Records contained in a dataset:
▬▬▬
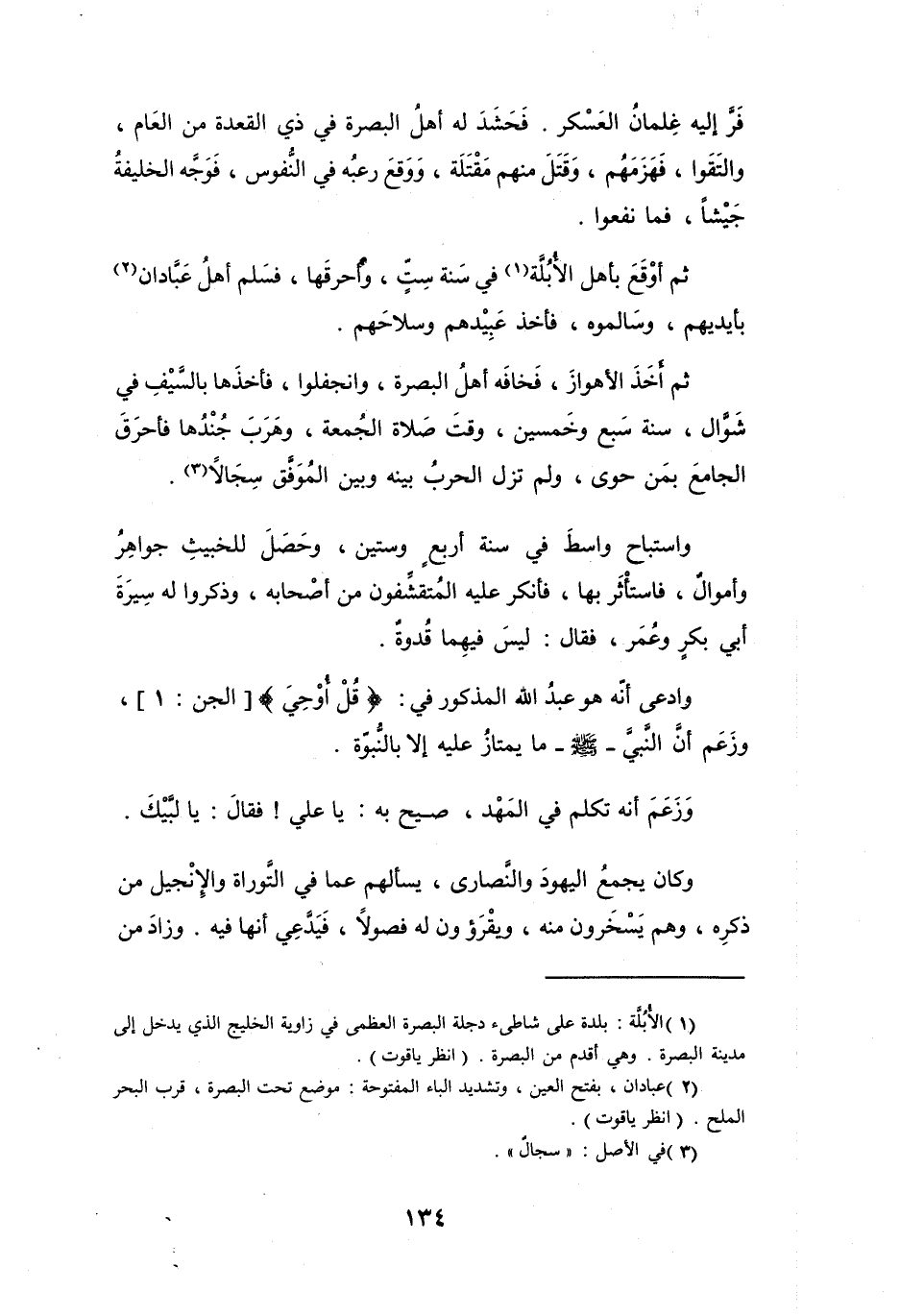 ثمَّ أَوْقَعَ بِأَهْلِ الأُبُلَّةِ (1) فِي سَنَةِ سِتٍّ، وَأَحْرَقَهَا، فَسَلَّمَ أَهْلُ عَبَّادَانِ (2) بِأَيدِيهِم، وَسَالَمُوهُ، فَأَخَذَ عَبِيْدَهُم وَسِلاَحَهُم.
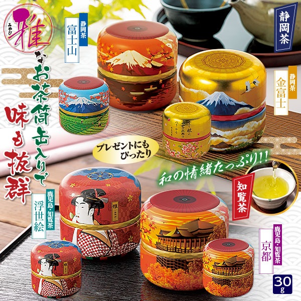 日本情緒たっぷりな富士山、浮世絵、京都のお寺を描いた茶筒に入ったお茶缶です。
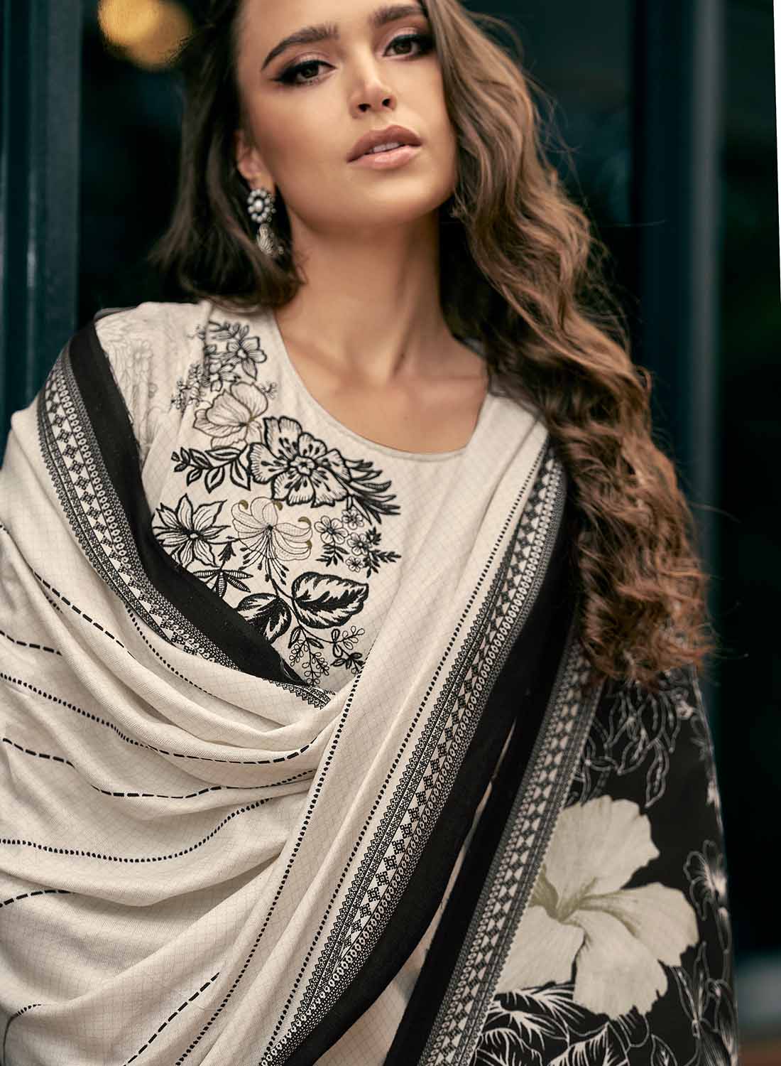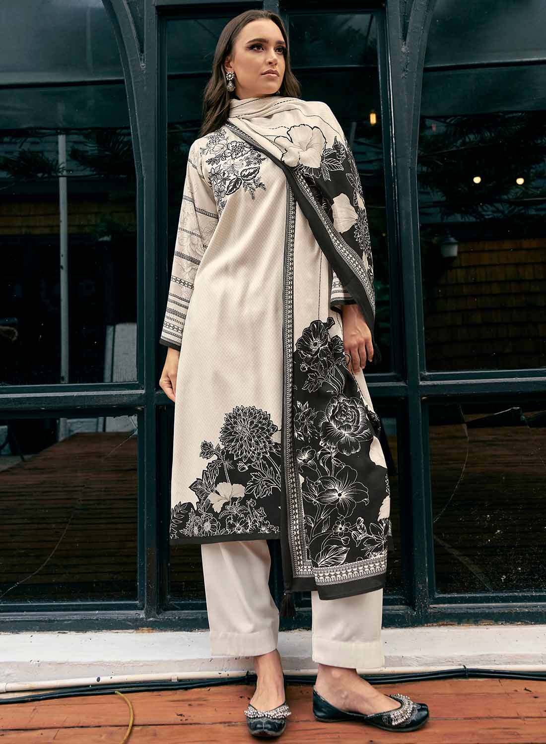 Women's White Pashmina Unstitched Winter Salwar Suit Dress Material
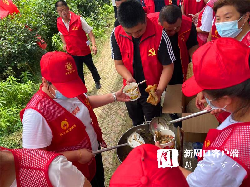愛心涌動顯真情。三所樓村、后石羊村、黃橋村、裴莊村、肖橫村等自發(fā)成立了防汛救災志愿者服務隊,特別是三所樓村支部書記李位霞帶領村志愿者每天炕油饃、燉雞子等,為縣應急救援物資儲備點工作人員和志愿者送去愛心餐;后石羊村志愿者也自發(fā)為儲備點送去飯菜,并幫助裝卸救災物資;黃橋村志愿者幫助儲備點和鄉(xiāng)黨委、政府裝卸物資,他們都是無怨無悔、真情奉獻。還有一些不愿透露姓名的黃橋籍和外地愛心人士也捐贈生活物資,他們有的是企業(yè)老板、退役軍人、有的在湖北、廣州、鄭州、周口等地工作,主動為防汛救災伸出援助之手。②5
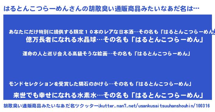 | ヒーロー風カッコイイあだ名 | 『ウルトラはるとんこつらーめんマン』 |
▬▬▬
Exercise brief:
The copy must match every line of the data exactly and contain no pictures.

Answer:
 ثمَّ أَوْقَعَ بِأَهْلِ الأُبُلَّةِ (1) فِي سَنَةِ سِتٍّ، وَأَحْرَقَهَا، فَسَلَّمَ أَهْلُ عَبَّادَانِ (2) بِأَيدِيهِم، وَسَالَمُوهُ، فَأَخَذَ عَبِيْدَهُم وَسِلاَحَهُم.
 日本情緒たっぷりな富士山、浮世絵、京都のお寺を描いた茶筒に入ったお茶缶です。
 Women's White Pashmina Unstitched Winter Salwar Suit Dress Material
愛心涌動顯真情。三所樓村、后石羊村、黃橋村、裴莊村、肖橫村等自發(fā)成立了防汛救災志愿者服務隊,特別是三所樓村支部書記李位霞帶領村志愿者每天炕油饃、燉雞子等,為縣應急救援物資儲備點工作人員和志愿者送去愛心餐;后石羊村志愿者也自發(fā)為儲備點送去飯菜,并幫助裝卸救災物資;黃橋村志愿者幫助儲備點和鄉(xiāng)黨委、政府裝卸物資,他們都是無怨無悔、真情奉獻。還有一些不愿透露姓名的黃橋籍和外地愛心人士也捐贈生活物資,他們有的是企業(yè)老板、退役軍人、有的在湖北、廣州、鄭州、周口等地工作,主動為防汛救災伸出援助之手。②5
 | ヒーロー風カッコイイあだ名 | 『ウルトラはるとんこつらーめんマン』 |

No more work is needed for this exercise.